■ **EXTRACTED MATERIAL**:

+===+

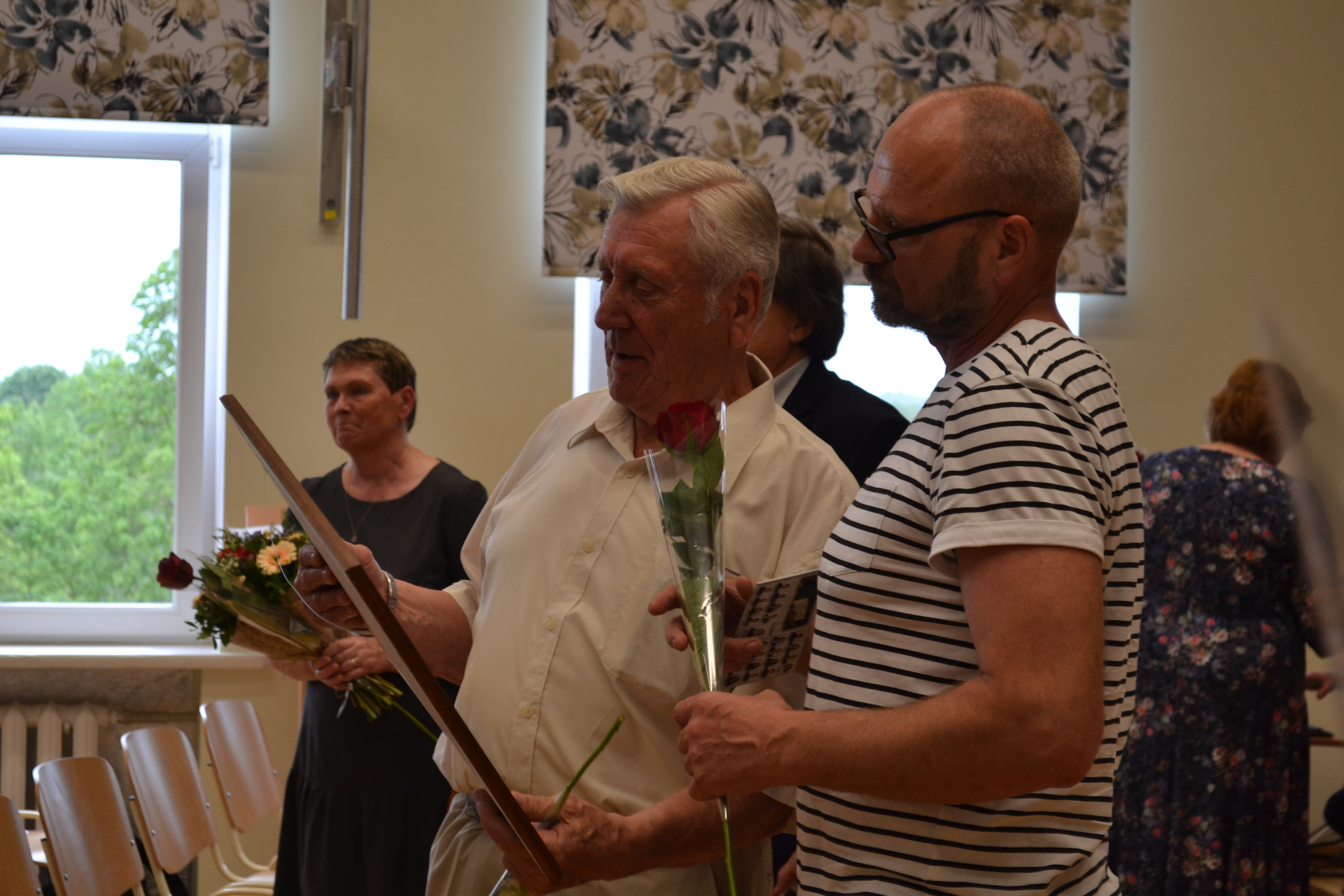 Vėliau trečiokai ketvirtokus ir jų auklėtojas pakvietė į posėdžių ir konferencijų salę, kur vyko jautri Paskutinio skambučio šventė. Renginio vedėjai Kamilė, Erina, Titas ir Dinas pakvietė ketvirtokus apmąstyti nueitą kelią ir dalyvauti netradicinėje pamokoje „Žvilgsnis į save“, kurios tikslas sukurti jų mokyklinės istorijos kompoziciją. Pradžioje kalbėjo Genovaitė Zarakauskienė ir Jolanta Gutauskienė, pirmosios abiturientų mokytojos, kurių būta ir daugiau, deja, atvykti galėjo tik kelios. Jos priminė pirmąją raidę, nedrąsią svajonę, vėl iš naujo tiesė švelnią ranką, kad kelias būtų tiesus, o abiturientai tvirti. Ketvirtokai padėkojo pirmosioms mokytojoms ir įteikė gėlių. Daina visus nudžiugino gimnazijos vokalinis ansamblis. Visus užbūrė mišrus choras, dovanojęs ne vieną kūrinį. Miela ir smagu buvo vėl išvysti buvusį gimnazijos direktorių Kęstutį Razumą, atėjusį pas abiturientus, kuriuos jis priėmė į mokyklą ir sveikino Rugsėjo 1-osios proga, kai jie buvo pirmokai. Šventės vedėjai kvietė ketvirtokus atverti širdis direktoriaus pavaduotojos ugdymui Rasos Bertulienės, laikinai atliekančios direktoriaus funkcijas, žodžiui. Ji priminė pasakėčią apie lapę ir varną ir kvietė išeinant į gyvenimą nepamiršti teksto išminties. Baigusi kalbą direktoriaus pavaduotoja ugdymui Rasa Bertulienė, laikinai atliekanti direktoriaus funkcijas, ir direktoriaus pavaduotoja ugdymui Rasa Augustinaitienė pasidžiaugė abiturientais, kurie aktyviai dalyvavo kultūrinėje, visuomeninėje veikloje, padėkojo olimpiadų prizininkams, įteikė jiems padėkos raštus. Nuoširdų sveikinimo žodį tarė ir direktoriaus pavaduotoja ugdymui R. Augustinaitienė, kvietusi šventės dieną geru ženklu laikyti saulę ir prašiusi nepavėluoti į egzaminus. Jautrus buvo ketvirtokų gimnazistų atsisveikinimo valsas... Vėliau abiturientai buvo kviečiami parodyti namų darbus – visos klasės pasirinko pasidalyti su visais smagiausiomis akimirkomis, patirtomis per ketverius metus. Po to vėl valso sūkury keitėsi ketvirtokų gimnazistų poros. Abiturientus sveikino gimnazijos mokinių prezidentė Gabija Jareckaitė, IIIc klasės gimnazistė. Ketvirtokus drąsino auklėtojos, dėkodamas už kelionę kartu, gerumą, bendrystę ir meilę. Visų širdis virpino Vakarės Vasiliauskaitės, IVa klasės gimnazistės, daina apie skrydį. Abiturientų vardu kalbėjo Austėja Miknevičiūtė, kuri perdavė raktą trečiokams, be to, linkėjo jiems kuo ilgiau džiaugtis laiku, praleistu mokykloje, nes jis taip greitai prabėga. Be to, abiturientai gimnazijai padovanojo suolelį, kuris tiktų sode po obelimis, kad mokiniai galėtų susėdę mokytis, šnekučiuotis. Nuoširdžiai padėkota gimnazijos administracijai, mokytojams, kad nuolat buvo šalia ir patarė, mylėjo, padėjo, kantriai lydėjo akimis ir širdimi... Abiturientų klasėms padovanotos per visą renginį kurtos kompozicijos, simbolizuojančios ketvirtokų nueitą mokyklinį kelią. Širdingai ačiū abiturientai tarė choregrafijos vadovei Audronei Geležinytei už triūsą ruošiant šokėjėlius, muzikos mokytojoms Ingridai Tuomienei, Vaivai Klupšienei, koncertmeisterei Rūtai Venslovienei už nuoširdų darbą su dainorėliais. Abiturientai džiaugėsi jaukia švente ir dėkojo trečiokams bei jų auklėtojoms už jaukią šventę.
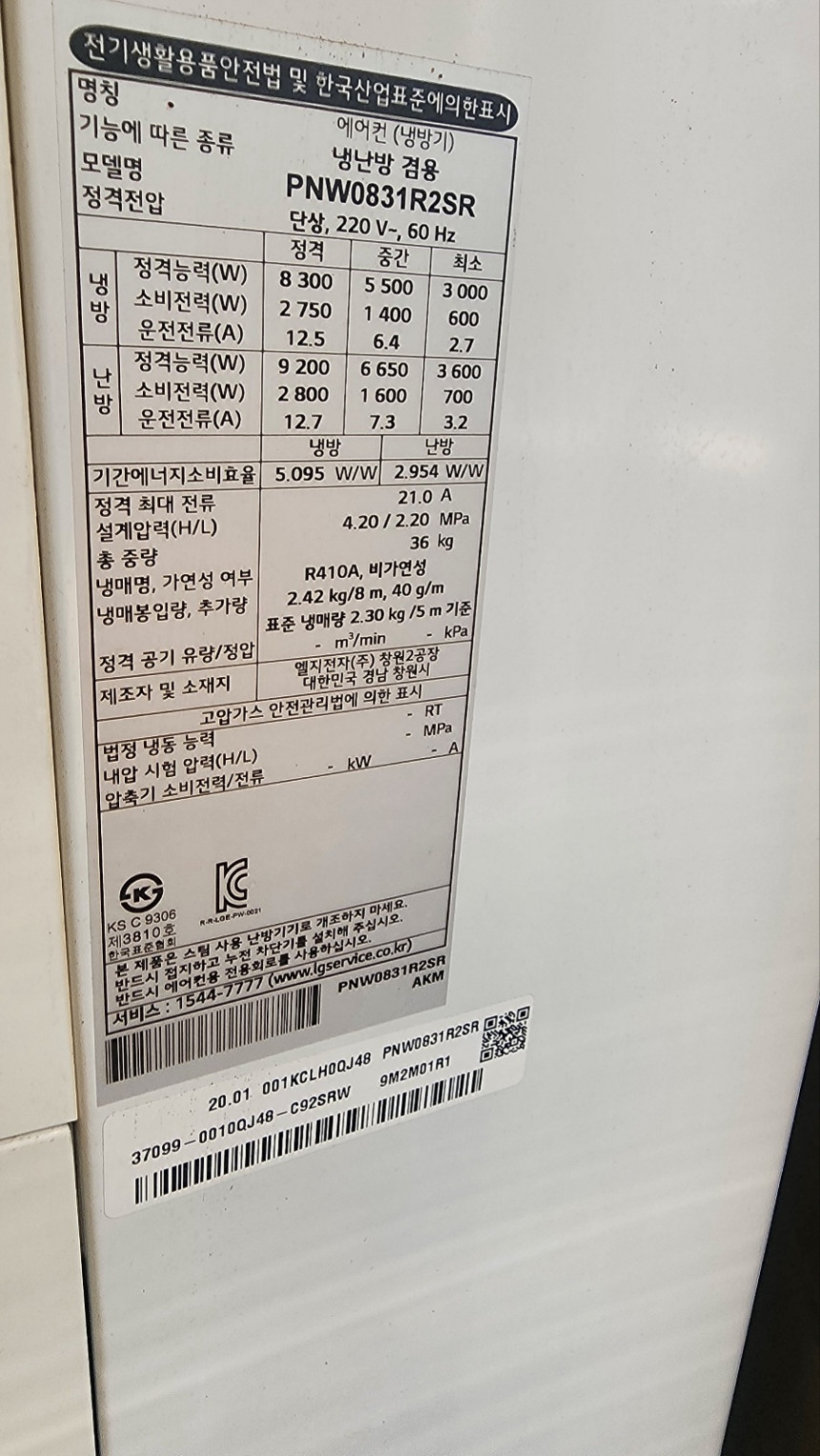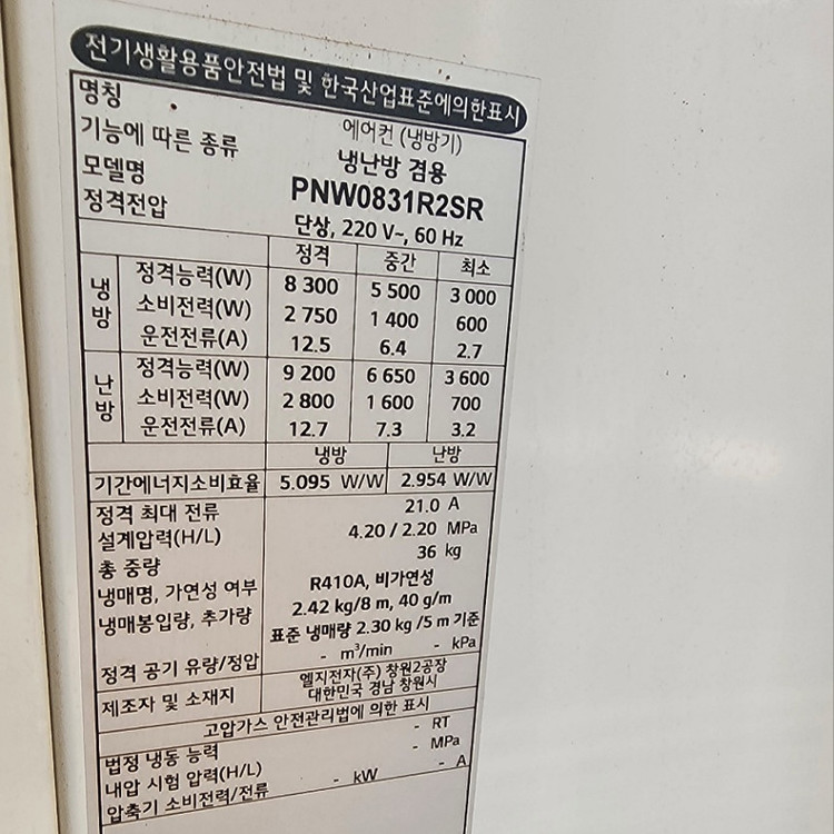 제조사: 엘지전자(주) 창원공장
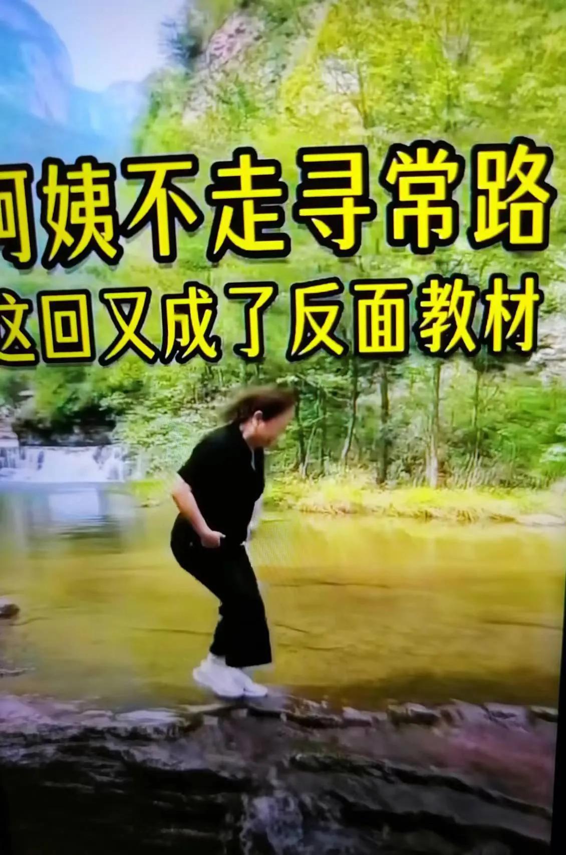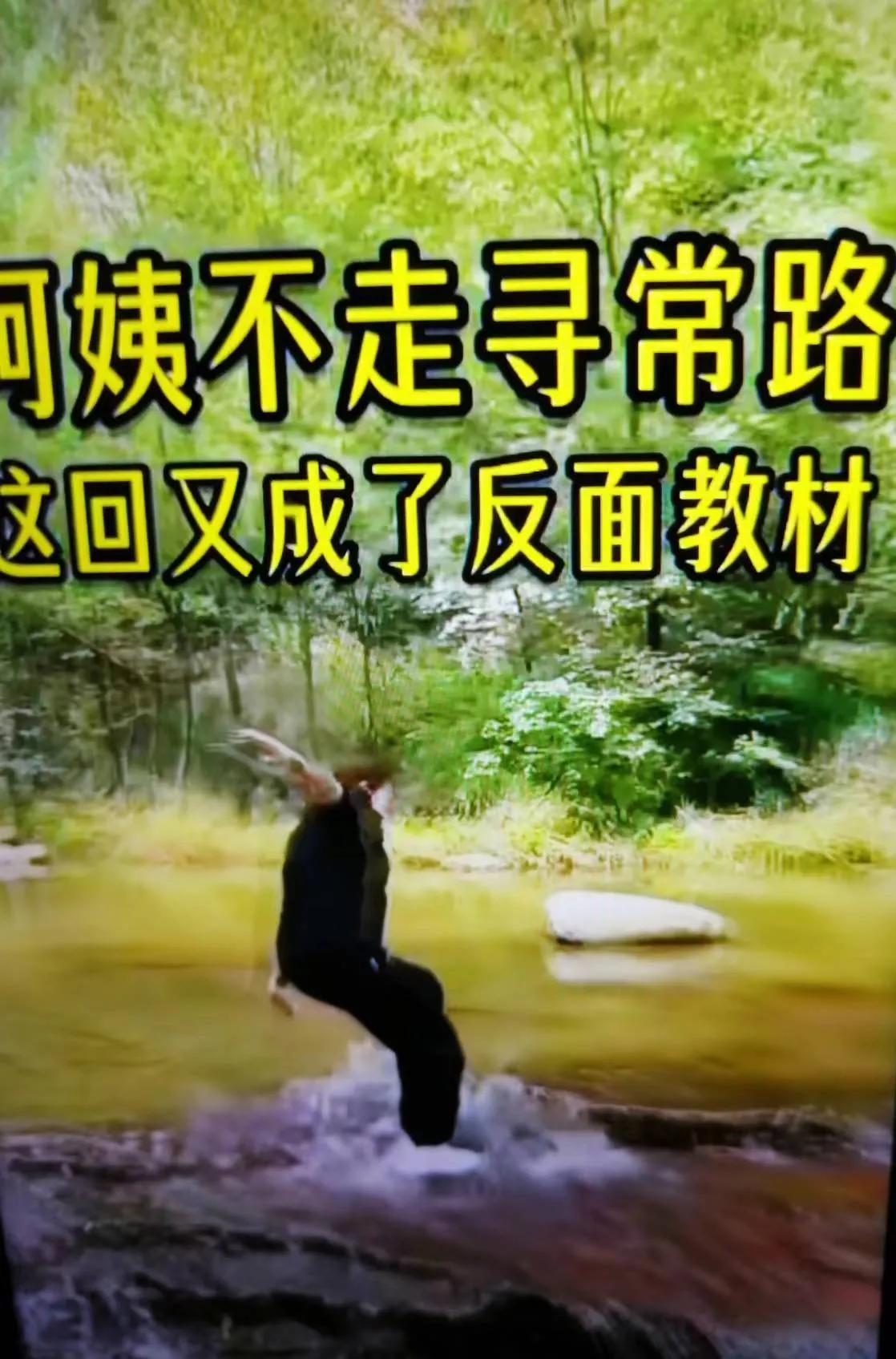 这位大妈妈,不走寻常路。非要下河试试水深水浅,出个风头。秋伏天里,进山沟沟河边边玩耍是最好的,凉爽,山青水秀,鸟语花香。大姐姐是想过河那边去,但她忘了一个基本常识,河石板上久无人走动,石板上有青泥苔,打滑。而且又是一个河坎,下面一个大水塘,她才踏进第一步,哈哈,一个优美的姿势,脚下打滑重重的摔倒,滚下大水糖。万幸,一路人多,老公边骂边跳进水塘,抱起大妈妈,因为水塘只有齐腰深。这一跤把大妈妈摔得不轻,住了半年医院。
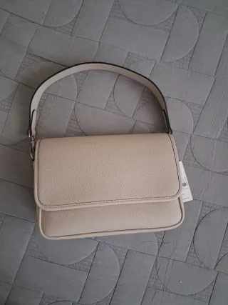 Bolso de mano y hombro de la marca Parfois. - Diseño elegante en tono beige y gris. - Asa corta para llevar en mano. - Correa larga ajustable para el hombro.
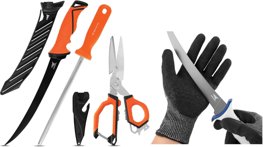 El cuchillo de filete cuenta con hoja flexible de acero inoxidable, ideal para realizar cortes limpios y precisos. Las tijeras multiusos permiten cortar espinas, abrir peces y realizar tareas generales de preparación. La caña de afilar ayuda a mantener el filo óptimo del cuchillo, prolongando su vida útil. Los guantes de seguridad brindan protección adicional durante el manejo de herramientas afiladas.
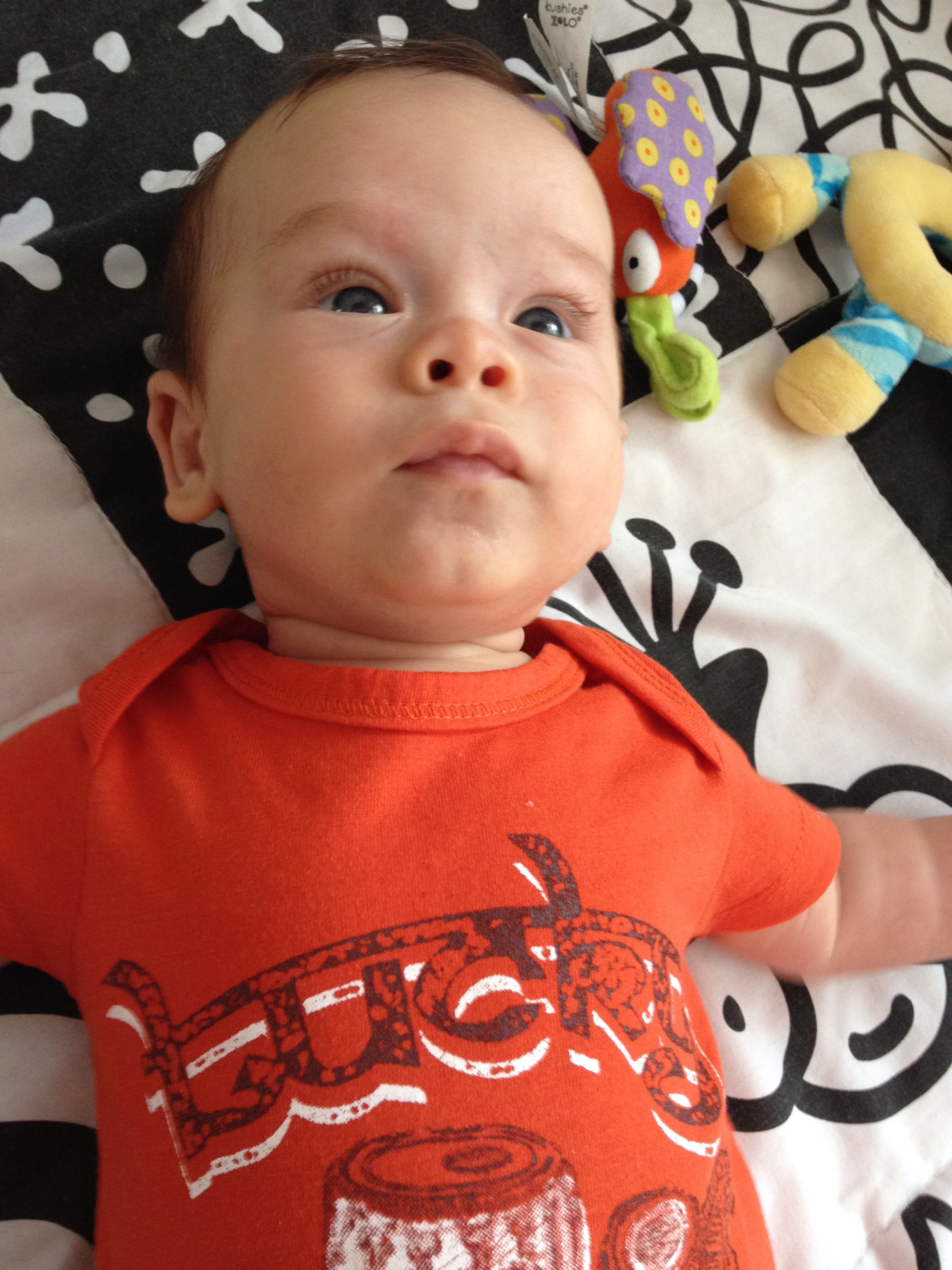 You are three months old today, my sweet boy. I can see you growing right before my eyes and we’re onto the next bin of hand-me-down clothes that looked so large once. Your belly is round, legs chubbing up the way breast-fed babies get. In light of the fact that our first six weeks were filled with frustration because come to find out, your tongue and lip ties were interfering with breast-feeding and you were slow to grow and gain, this makes your Momma very happy. I have worked determinedly to increase my milk and it’s working- we need no supplementing. Gone is the curled up fuzzy newborn you, cross eyed and flopsy. Now you are blight-blue-eyed and drooling up a storm, teething already. You smile most energetically in the early morning, and you’re a gassy guy, writhing next to me in your sleep until I lift you to burp or place you on my chest where, prone, you can work it out. I can tell already that you’re sensitive and intense. You’re also cuddly. I’m always playing music and singing, making up nonsense songs to accompany every activity. You put up with being in your swings or chairs for about twenty minutes tops. You’re batting at the toys that dangle from your activity mat. You lift your chest and head and can turn it from side to side when you’re on your tummy, and it is hard to believe that time is passing and you are changing and growing exponentially. I want to hold on to the tenderness of these early times, encapsulate it, but I know already that the overarching themes of parenthood are motion and flux, adjustment, flow, surrender. Caring for you is engulfing. As Harriet Lerner writes, “To opt for kids is to opt for chaos, complexity, turbulence and truth. Kids will make you love them in a way you never thought possible. They’ll teach you that you are capable of great compassion, and also that you are definitely not the nice, calm, competent, clear-thinking, highly evolved person you fancied yourself to be before you became a mother. Your children will call on you to grow up.”

+===+

■ **WHAT YOU SHOULD DO**:
The reply must match the records exactly, apart from the pictures, which are left out.

■ **ANSWER FOR THIS EXERCISE**:
 Vėliau trečiokai ketvirtokus ir jų auklėtojas pakvietė į posėdžių ir konferencijų salę, kur vyko jautri Paskutinio skambučio šventė. Renginio vedėjai Kamilė, Erina, Titas ir Dinas pakvietė ketvirtokus apmąstyti nueitą kelią ir dalyvauti netradicinėje pamokoje „Žvilgsnis į save“, kurios tikslas sukurti jų mokyklinės istorijos kompoziciją. Pradžioje kalbėjo Genovaitė Zarakauskienė ir Jolanta Gutauskienė, pirmosios abiturientų mokytojos, kurių būta ir daugiau, deja, atvykti galėjo tik kelios. Jos priminė pirmąją raidę, nedrąsią svajonę, vėl iš naujo tiesė švelnią ranką, kad kelias būtų tiesus, o abiturientai tvirti. Ketvirtokai padėkojo pirmosioms mokytojoms ir įteikė gėlių. Daina visus nudžiugino gimnazijos vokalinis ansamblis. Visus užbūrė mišrus choras, dovanojęs ne vieną kūrinį. Miela ir smagu buvo vėl išvysti buvusį gimnazijos direktorių Kęstutį Razumą, atėjusį pas abiturientus, kuriuos jis priėmė į mokyklą ir sveikino Rugsėjo 1-osios proga, kai jie buvo pirmokai. Šventės vedėjai kvietė ketvirtokus atverti širdis direktoriaus pavaduotojos ugdymui Rasos Bertulienės, laikinai atliekančios direktoriaus funkcijas, žodžiui. Ji priminė pasakėčią apie lapę ir varną ir kvietė išeinant į gyvenimą nepamiršti teksto išminties. Baigusi kalbą direktoriaus pavaduotoja ugdymui Rasa Bertulienė, laikinai atliekanti direktoriaus funkcijas, ir direktoriaus pavaduotoja ugdymui Rasa Augustinaitienė pasidžiaugė abiturientais, kurie aktyviai dalyvavo kultūrinėje, visuomeninėje veikloje, padėkojo olimpiadų prizininkams, įteikė jiems padėkos raštus. Nuoširdų sveikinimo žodį tarė ir direktoriaus pavaduotoja ugdymui R. Augustinaitienė, kvietusi šventės dieną geru ženklu laikyti saulę ir prašiusi nepavėluoti į egzaminus. Jautrus buvo ketvirtokų gimnazistų atsisveikinimo valsas... Vėliau abiturientai buvo kviečiami parodyti namų darbus – visos klasės pasirinko pasidalyti su visais smagiausiomis akimirkomis, patirtomis per ketverius metus. Po to vėl valso sūkury keitėsi ketvirtokų gimnazistų poros. Abiturientus sveikino gimnazijos mokinių prezidentė Gabija Jareckaitė, IIIc klasės gimnazistė. Ketvirtokus drąsino auklėtojos, dėkodamas už kelionę kartu, gerumą, bendrystę ir meilę. Visų širdis virpino Vakarės Vasiliauskaitės, IVa klasės gimnazistės, daina apie skrydį. Abiturientų vardu kalbėjo Austėja Miknevičiūtė, kuri perdavė raktą trečiokams, be to, linkėjo jiems kuo ilgiau džiaugtis laiku, praleistu mokykloje, nes jis taip greitai prabėga. Be to, abiturientai gimnazijai padovanojo suolelį, kuris tiktų sode po obelimis, kad mokiniai galėtų susėdę mokytis, šnekučiuotis. Nuoširdžiai padėkota gimnazijos administracijai, mokytojams, kad nuolat buvo šalia ir patarė, mylėjo, padėjo, kantriai lydėjo akimis ir širdimi... Abiturientų klasėms padovanotos per visą renginį kurtos kompozicijos, simbolizuojančios ketvirtokų nueitą mokyklinį kelią. Širdingai ačiū abiturientai tarė choregrafijos vadovei Audronei Geležinytei už triūsą ruošiant šokėjėlius, muzikos mokytojoms Ingridai Tuomienei, Vaivai Klupšienei, koncertmeisterei Rūtai Venslovienei už nuoširdų darbą su dainorėliais. Abiturientai džiaugėsi jaukia švente ir dėkojo trečiokams bei jų auklėtojoms už jaukią šventę.
 제조사: 엘지전자(주) 창원공장
 这位大妈妈,不走寻常路。非要下河试试水深水浅,出个风头。秋伏天里,进山沟沟河边边玩耍是最好的,凉爽,山青水秀,鸟语花香。大姐姐是想过河那边去,但她忘了一个基本常识,河石板上久无人走动,石板上有青泥苔,打滑。而且又是一个河坎,下面一个大水塘,她才踏进第一步,哈哈,一个优美的姿势,脚下打滑重重的摔倒,滚下大水糖。万幸,一路人多,老公边骂边跳进水塘,抱起大妈妈,因为水塘只有齐腰深。这一跤把大妈妈摔得不轻,住了半年医院。
 Bolso de mano y hombro de la marca Parfois. - Diseño elegante en tono beige y gris. - Asa corta para llevar en mano. - Correa larga ajustable para el hombro.
 El cuchillo de filete cuenta con hoja flexible de acero inoxidable, ideal para realizar cortes limpios y precisos. Las tijeras multiusos permiten cortar espinas, abrir peces y realizar tareas generales de preparación. La caña de afilar ayuda a mantener el filo óptimo del cuchillo, prolongando su vida útil. Los guantes de seguridad brindan protección adicional durante el manejo de herramientas afiladas.
 You are three months old today, my sweet boy. I can see you growing right before my eyes and we’re onto the next bin of hand-me-down clothes that looked so large once. Your belly is round, legs chubbing up the way breast-fed babies get. In light of the fact that our first six weeks were filled with frustration because come to find out, your tongue and lip ties were interfering with breast-feeding and you were slow to grow and gain, this makes your Momma very happy. I have worked determinedly to increase my milk and it’s working- we need no supplementing. Gone is the curled up fuzzy newborn you, cross eyed and flopsy. Now you are blight-blue-eyed and drooling up a storm, teething already. You smile most energetically in the early morning, and you’re a gassy guy, writhing next to me in your sleep until I lift you to burp or place you on my chest where, prone, you can work it out. I can tell already that you’re sensitive and intense. You’re also cuddly. I’m always playing music and singing, making up nonsense songs to accompany every activity. You put up with being in your swings or chairs for about twenty minutes tops. You’re batting at the toys that dangle from your activity mat. You lift your chest and head and can turn it from side to side when you’re on your tummy, and it is hard to believe that time is passing and you are changing and growing exponentially. I want to hold on to the tenderness of these early times, encapsulate it, but I know already that the overarching themes of parenthood are motion and flux, adjustment, flow, surrender. Caring for you is engulfing. As Harriet Lerner writes, “To opt for kids is to opt for chaos, complexity, turbulence and truth. Kids will make you love them in a way you never thought possible. They’ll teach you that you are capable of great compassion, and also that you are definitely not the nice, calm, competent, clear-thinking, highly evolved person you fancied yourself to be before you became a mother. Your children will call on you to grow up.”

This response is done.